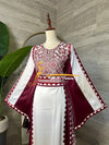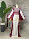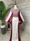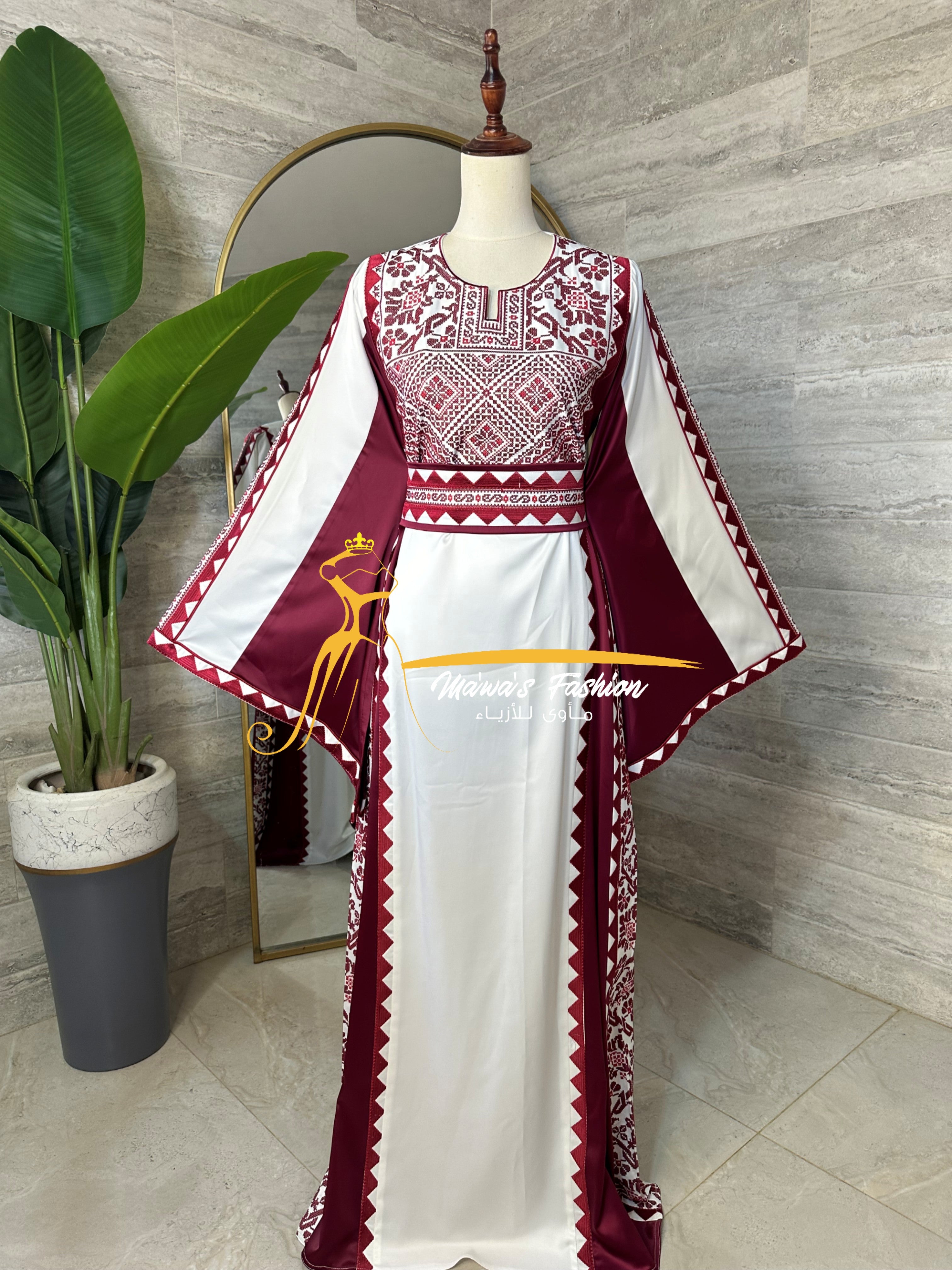 ثوب تراثي بلمسة عصرية مصنوع باللونين الابيض والاحمر الراقي مع تطريز تزيد الثوب بهجة، بقماشة الستان ليضيف على الثوب رقي.
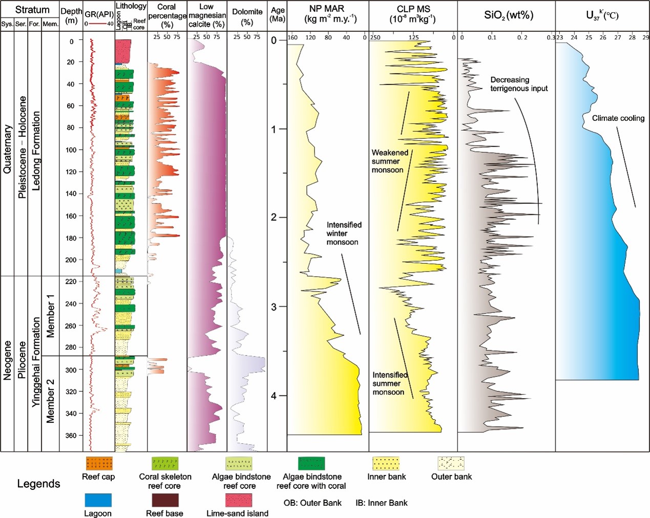 本研究利用噪声模型分析生物礁发育时期的相对海平面变化,探明了上新世以来海平面变化对生物礁发育的控制作用,对探明生物礁的生长过程以及对未来生物礁生长环境的预测都有着重要的意义和参考价值。
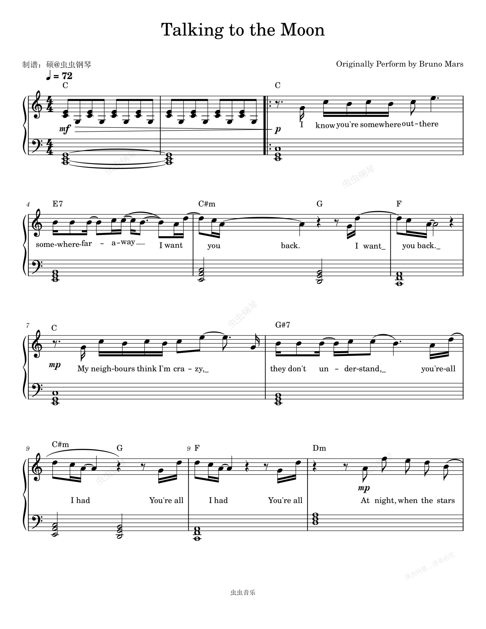 钢琴谱:Talking to the Moon - Bruno Mars (布鲁诺·马尔斯)
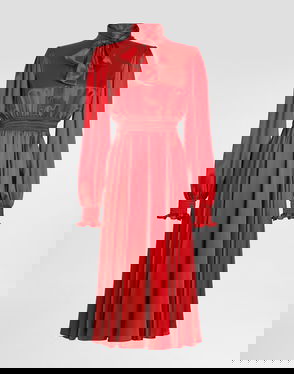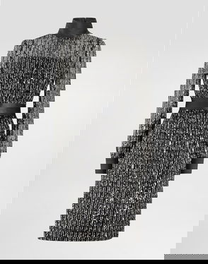 Long Pleated Dress With Micro-sequin Embellishment
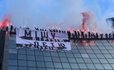 Представители Нацкорпуса повесили на стенах ТЦ "Глобус" огромный плакат с надписью "Мишу в Грузию, Петю в Гагаузию". Однако на них участники акции, собравшиеся на площади возле Стеллы, не обратили особого внимания, назвав их провокаторами.
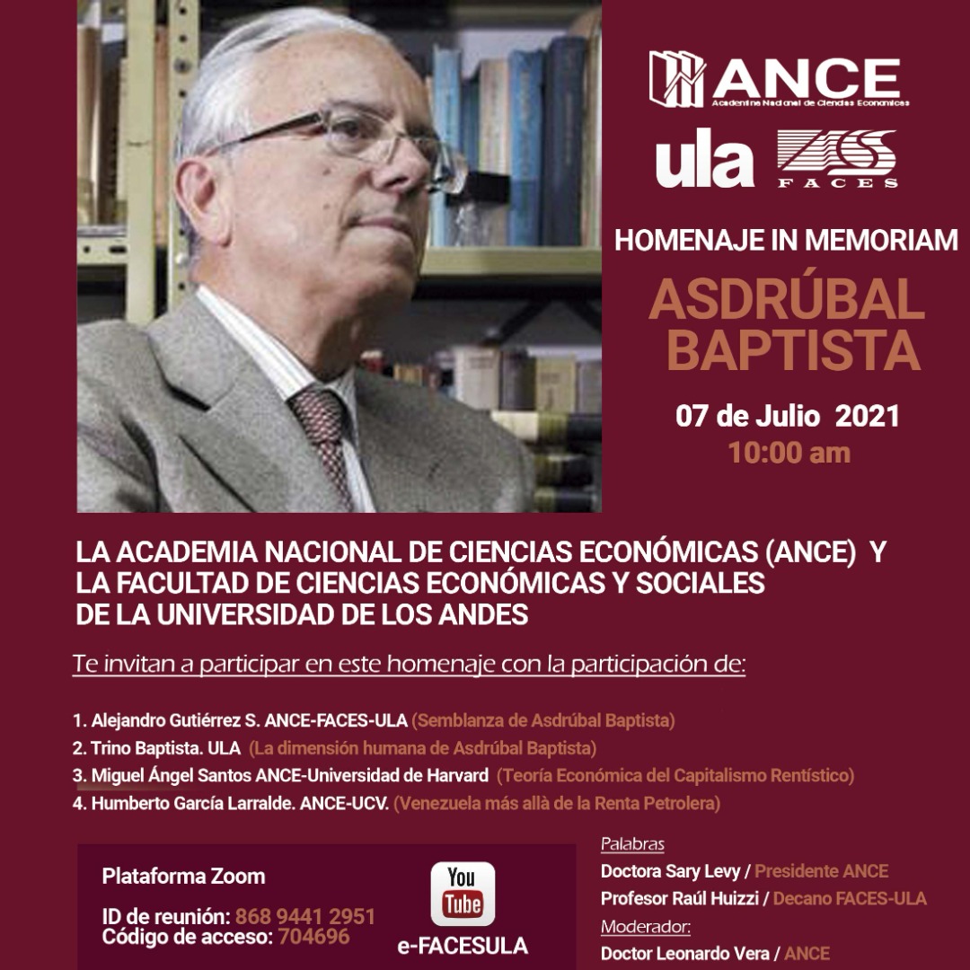 La Academia Nacional de Ciencias Económicas y de ULA FACES invitan al homenaje in memoriam al Dr. Asdrúbal Baptista. Miércoles 7 de julio, 10:00 am (Venezuela)
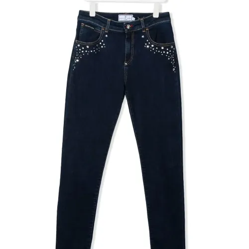 Джинсы с кристаллами и логотипом
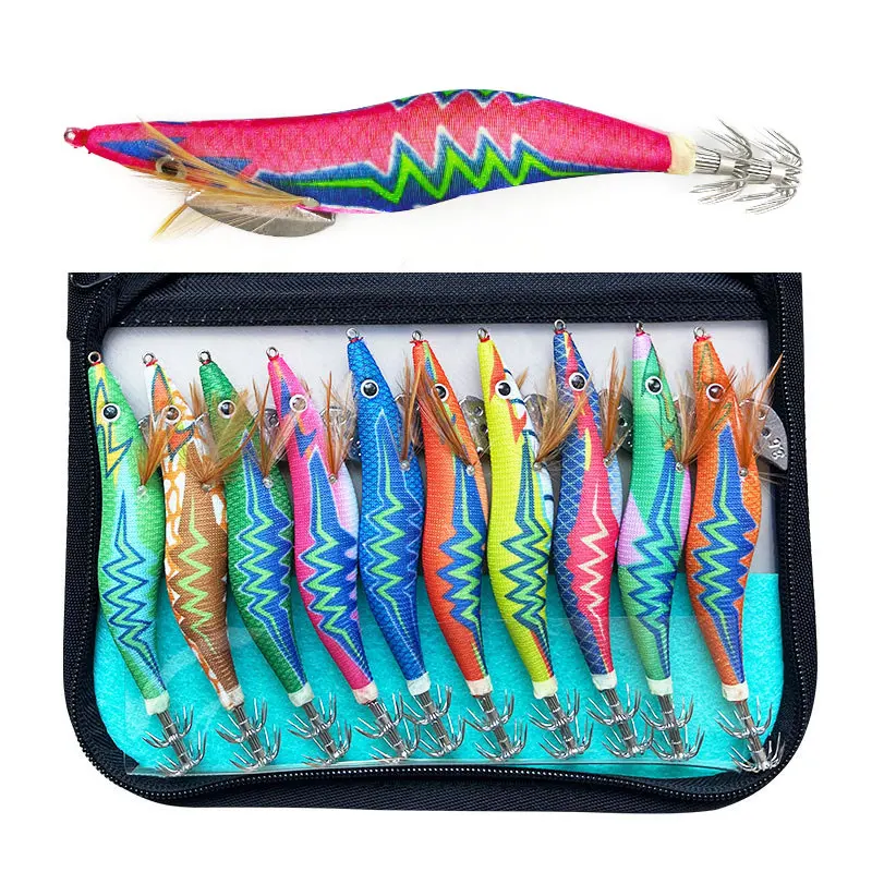 AS-anzuelo de calamar de 10 piezas, coronas de camarones de madera, cebo duro brillante 2,5 #3,0 #3,5 #, juego de Señuelos de Pesca de Mar, sepia Artificial, pulpo
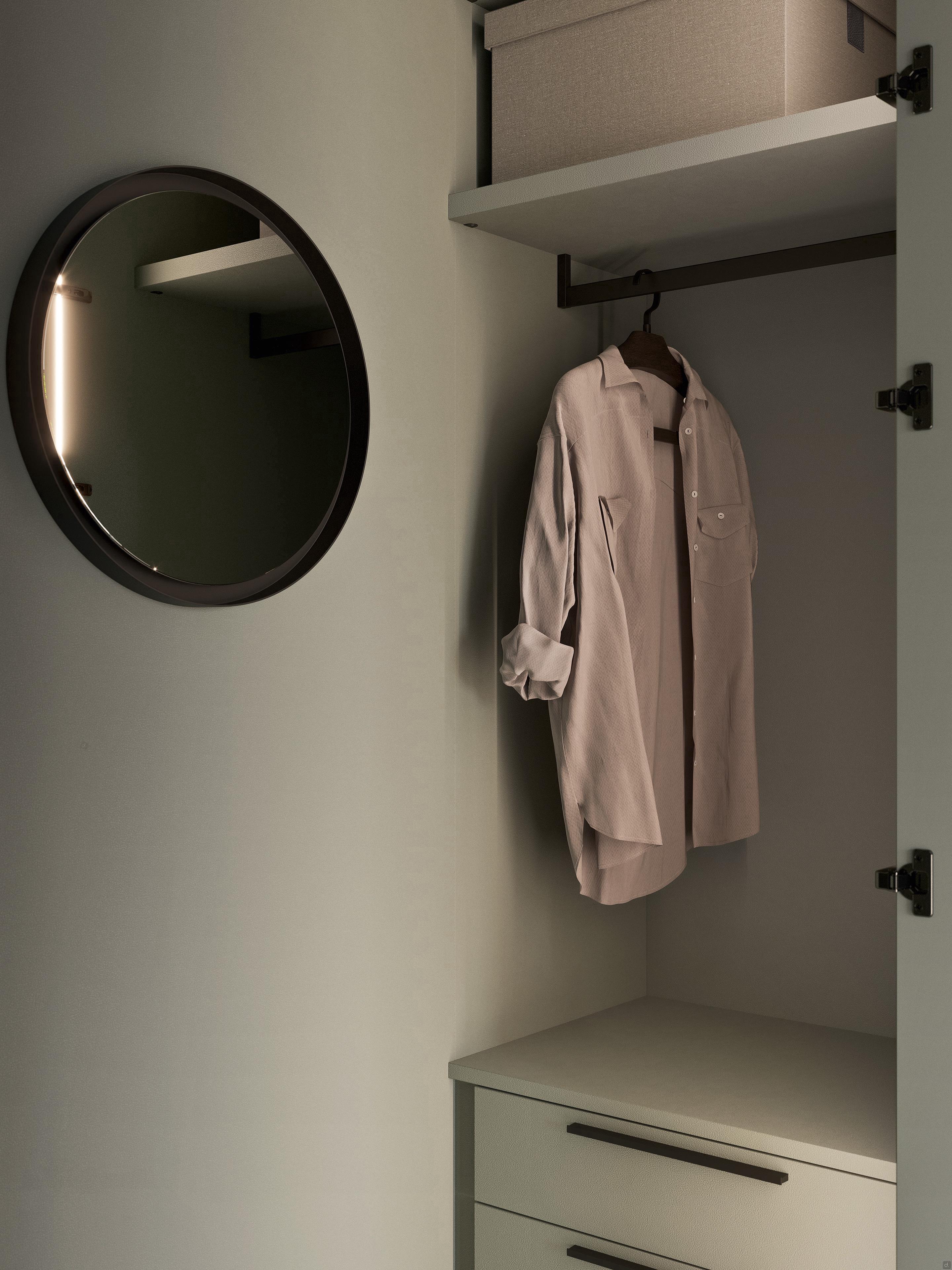 specchio: schienale interno a specchio, disponibile esclusivamente per il modello "con vani giorno esterni + ripiano interno"

————

* _ASSIGNED TASK_
Quote, word for word and nothing more, every line from the line with "AS-anzuelo de calamar" to the end of the entries, including both ends; skip any pictures.

* _OUTPUT OF THE TASK_
 AS-anzuelo de calamar de 10 piezas, coronas de camarones de madera, cebo duro brillante 2,5 #3,0 #3,5 #, juego de Señuelos de Pesca de Mar, sepia Artificial, pulpo
 specchio: schienale interno a specchio, disponibile esclusivamente per il modello "con vani giorno esterni + ripiano interno"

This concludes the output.